With roots and connections to every niche of business journalism, covering personal finance should be the biggest beat in the business, a panel of top journalists in the field said Friday morning.
But a misunderstood lack of variation in subject matter — on the surface — makes it seem repetitive and less relevant than other beats, they said.
“If you cover personal finance, you know there’s only about 14 stories out there,” said Liz Weston, a syndicated columnist on the topic. “We just keep changing the anecdotes.”
The panelists, moderated by MSN Money’s managing editor Marty Wolk, spoke Friday morning about the intricacies of the beat, why it interests them and why it’s important to the reader. The panel was at the annual Society of American Business Editors and Writers conference, being held Friday and Saturday at Arizona State University.
Interest in personal finance stories has been increasing, Wolk said, particularly as baby boomers near retirement age and realize that they’ll need to figure out how to pay health care costs and living expenses without a working income.
He said the task beat writers face is covering every scheme out there that separates people from their money.
“You need to define it more broadly,” he said. “You need to think about all the different ways that people spend their money, invest their money, and have their money at risk, even without really knowing it.”
CBS News writer and syndicated personal finance columnist Kathy Kristof said stories come from understanding and showing how broader policy changes and larger events affect individual readers.

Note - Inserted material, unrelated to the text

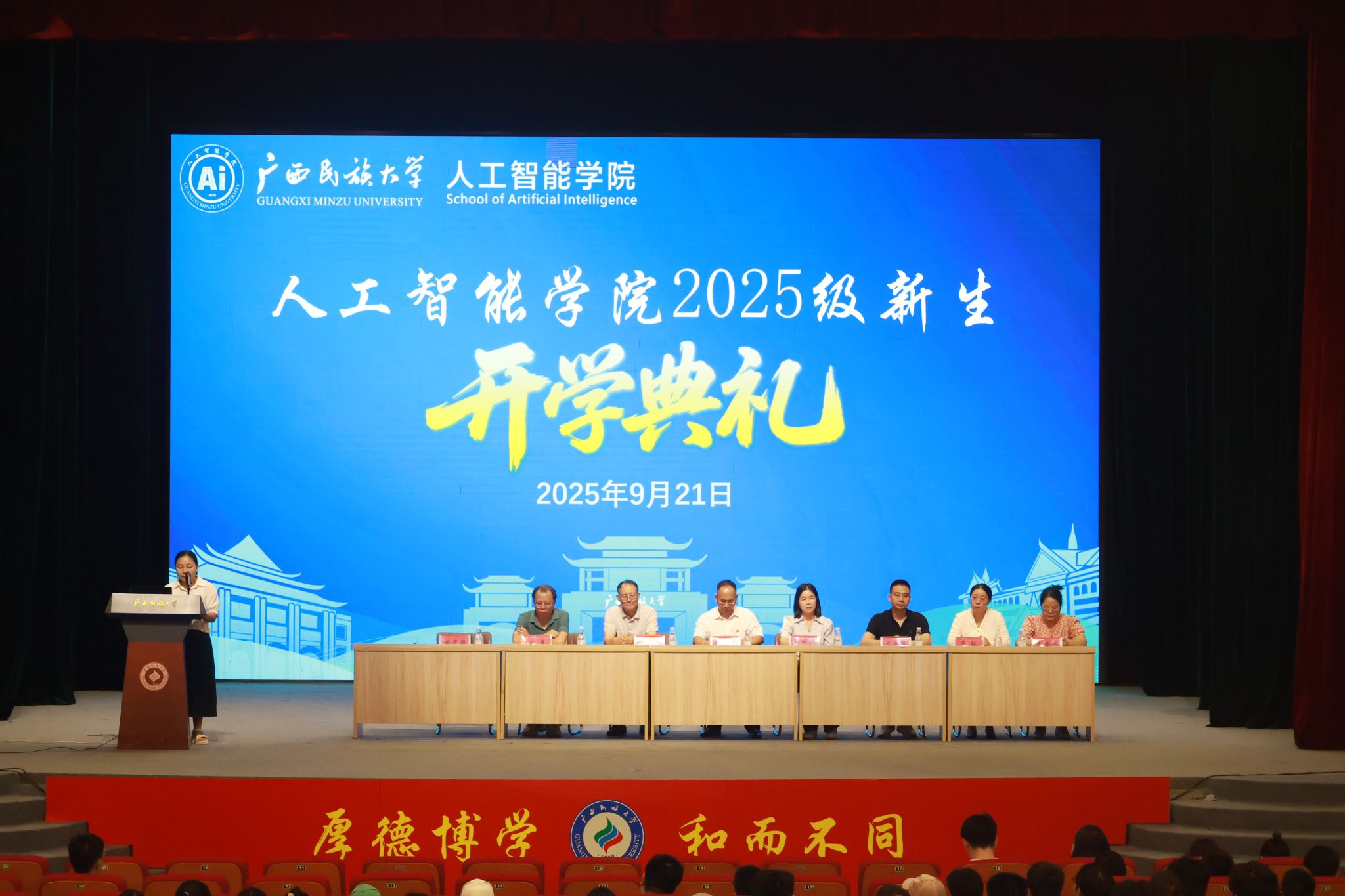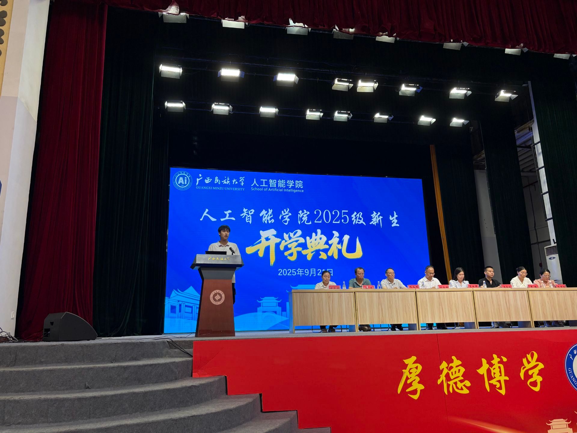 9月21日下午,广西民族大学人工智能学院2025级新生开学典礼于学校大礼堂顺利举行。学院党委书记刘志雄、院长葛丽娜、党委副书记潘彦燕、副院长文春明、各系主任、教师代表、新生班主任、辅导员和2025级全体新生参加典礼。学院党委副书记潘彦燕主持典礼,开学典礼在庄严的国歌声中拉开帷幕。

“Each of us has a different story to tell,” she said, using the Affordable Care Act as an example of something that’s simultaneously helping some people and hurting others.
“The same event can affect your readers in a number of different ways, so if you know that, and you can dig into it, and you can know your beat so well that you can take that spectrum and explain how and why and what they can do about it… That, to me, is what personal finance is really all about.”
Cassella is a UNC-Chapel Hill business journalism student attending the SABEW conference on a Talking Biz News scholarship.